In this video, I am going to show you how to scrape youtube videos information from Youtube, including the titles, views, numbers of likes, dislikes, and YouTubers name. Before we get started, Open https://www.youtube.com/ on a web browser, type in the keyword that you need in the search bar. In this case, we are looking for videos about “web scraping”. After the page finishes loading, copy this (Show the URL) URL. This is the URL we will use in the demonstration.
note: To learn more about AJAX click https://youtu.be/MuOC1yCKai0
To learn more about XPath click https://youtu.be/kZwD6szlvas
Step One: Enter the URLs of the websites you would like to scrape
- Build a new task by clicking “Advanced Mode”, and enter the URL we just copied
- And click “Save URL” on the left corner. This will bring you to the hotel listing page with Octopuses’ built-in browser.
Step Two: Create a pagination loop
- After the web pages complete loading from Octoparse built-in browser. You can see the interface is divided into three parts: The workflow box is on the left, the setting area on the right, and the interactive view of the websites on the bottom.
- Let’s switch off the work-flow and take a closer look at the webpage structure. Youtube applies infinite scrolling which means the website paging with automatic display of the content from the next page by adding to the current page. This is a typical Ajax technique. We will get into this later. So let’s turn the work-flow back on to continue.
- Since Youtube applies an infinite scroll, we don’t need to create pagination. Instead, we tell the Octoparse keeps scroll down until the desired amount of content loaded up.
- To do this, go to the settings area. Check the Scroll Down option and set the scroll times. Depends on how many YouTube videos you would like to scrape, you may change the Scroll times accordingly. Let’s say there are around 25 videos before any new content is loaded, and there are 25 new videos added each time you scroll down to the bottom. In order to get 100 pieces, you need to scroll 3 times in this case.
- Now you need to set the interval time depends on the website’s loading speed. Youtube is fairly fast, so I set as 2 seconds considering the videos may affect its loading speed.
- Click the “Ok” to save the steps.
Step Three: Create a “Loop item” To click through each detail page, get detail information. we need to create a “Loop item”
- To create a loop item, select the element. In this case the video name from the listing. Click the first title, you will notice other similar elements that have been found and highlighted in red. We want to create a loop item with all listings. Follow the guide, choose “Select All”.

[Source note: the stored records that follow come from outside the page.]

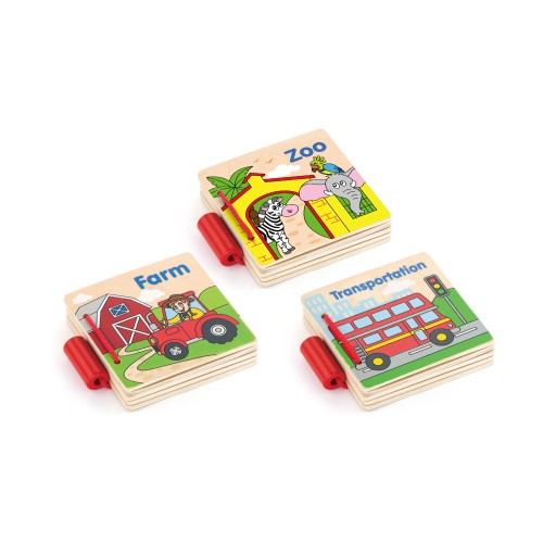 These wonderful first books are silk screen printed, and made of natural wood, 3 different books in the range include Transporation, Farm and Zoo. Set of 3
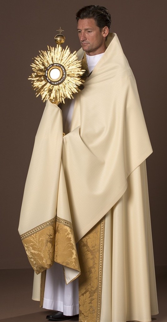 Balthazar is holding his gift with a stole around his neck, and two of you pointed out the similarity between the stole and the humeral veil – thank you! I rarely attend church services these days (or didn’t, in the days when one could), and know relatively little about how the contemporary church functions. But the humeral veil is a form of stole used in the Roman Catholic Church, as well as some Anglican and Lutheran Churches, in order to hold something which should not be touched – such as a ciborium or monstrance – as a sign of respect for the sanctity of the object. I’m comparing Balthazar here with an image from a contemporary website for the purchase of vestments. It’s appropriate, as the priest is shown holding a monstrance, which is used to display the consecrated host – and I ended up comparing both Balthazar and Melchior’s gifts (or at least the ‘containers’ they came in) to monstrances.
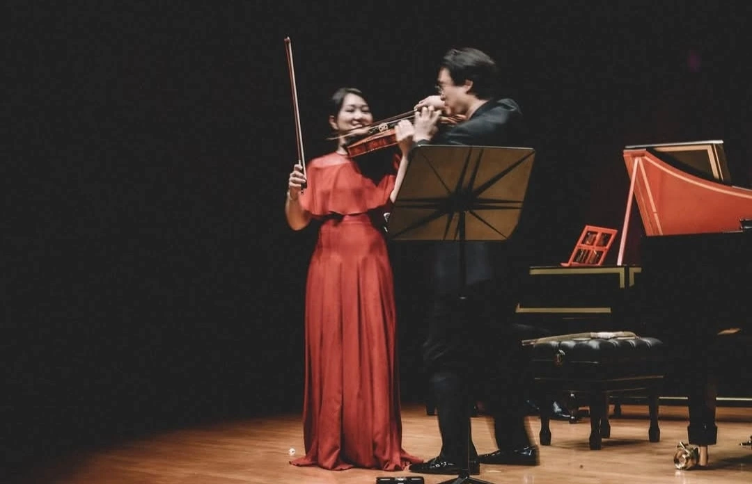 조명 아래 빨간 라인이 들어간 예쁜 쳄발로가 놓여 있고 그 옆에 비올라가 있습니다. 그런데 한 대의 비올라를 가지고 두 명의 남녀 연주자가 각자의 활을 가지고 샴쌍둥이처럼 붙어서 연주를 합니다. 둘이서 피아노 연탄 연주를 하듯이 비올라 한 대를 공유하며 듀엣 연주를 하는 것입니다. 구조상 반대로 활질을 할 수밖에 없습니다. 여자 비올리스트는 엉거주춤한 자세로 그녀의 움직임을 따라다니며 힘겹게 연주하는 남자 비올리스트의 모습이 웃기는지 참지 못하고 연주 중 웃음을 토해냅니다. 그들은 그렇게 연주하며 무대를 가로질러 무대 뒤로 사라졌습니다. 그래도 무대 뒤에서도 연주는 멈추지 않고 계속 이어집니다. 그들이 문을 빼꼼 열고 장난스레 관객석을 향해 손을 흔들며 바이바이를 할 때까지 말입니다.

- Now, all results are highlighted in green, which means they have been successfully selected.
- Then Click “Loop click the selected link” to create a “Loop Item.” Octoparse will click through each video for detailed information.
- We still need to go back to the setting area and adjust the setting.
- As Youtube applies Ajax, select the “Ajax Load” option and set the wait time accordingly.
- Uncheck “Auto-Retry”, “Ajax” and “Auto retry” are mutually exclusive, make sure you set this correctly.
- Click “Save” to Save the steps.
- Now we need to come back and check if things have been set as expected. If the web page in the built-in browser shows the corresponding reaction as we click through each step, it means the setting is correct. As you may notice, when I click “Loop Item”, there are only 18 listings whereas there are actually more than 18 listings. This is due to an incorrect Xpath. Therefore, we need to fix the XPath and tell Octoparse to locate the element in the webpage so as to avoid incomplete extraction. To do this, go to the settings area. I have already prepared the correct Xpath for the purpose of the demonstration. Copy this Xpath and paste the expression onto the variable List.
- I have also attached the tutorial of how to write an XPath down below. Since not all webpages are well written with the exact same structure. The robot will skip the element if scraper can’t locate it. You can ignore this step if the webpage is well organized.
- Click “Save” to save the step.
Step Four, Data extraction.
- To extract the data, Click the element, for example, in this case, the video title and select “extract the text of the selected element” from Action Tip.
- You can preview the extraction from the data fields and edit.
- Repeat the above steps and get the needed data extracted.
- Click “Save” to save the steps.
- Now go back to the settings area. Set “wait before execution” as 2 seconds. This is because Octoparse scrapes too fast, even faster than the actual webpages. Octoparse finishes scraping the current page and is ready to scrape the next page, but the webpage is still loading for the rest of the information. The lagging causes Octoparse to scrape the whole page again until the current web page is ready to paginate.
Step Five: Run the task and get data
- After finishing setting up the rules, we can run the task by clicking “start extraction”
- Then the Select “Local extraction” to run the task. You can switch the view to check. The scraping status on the websites and the data have been extracted from the table.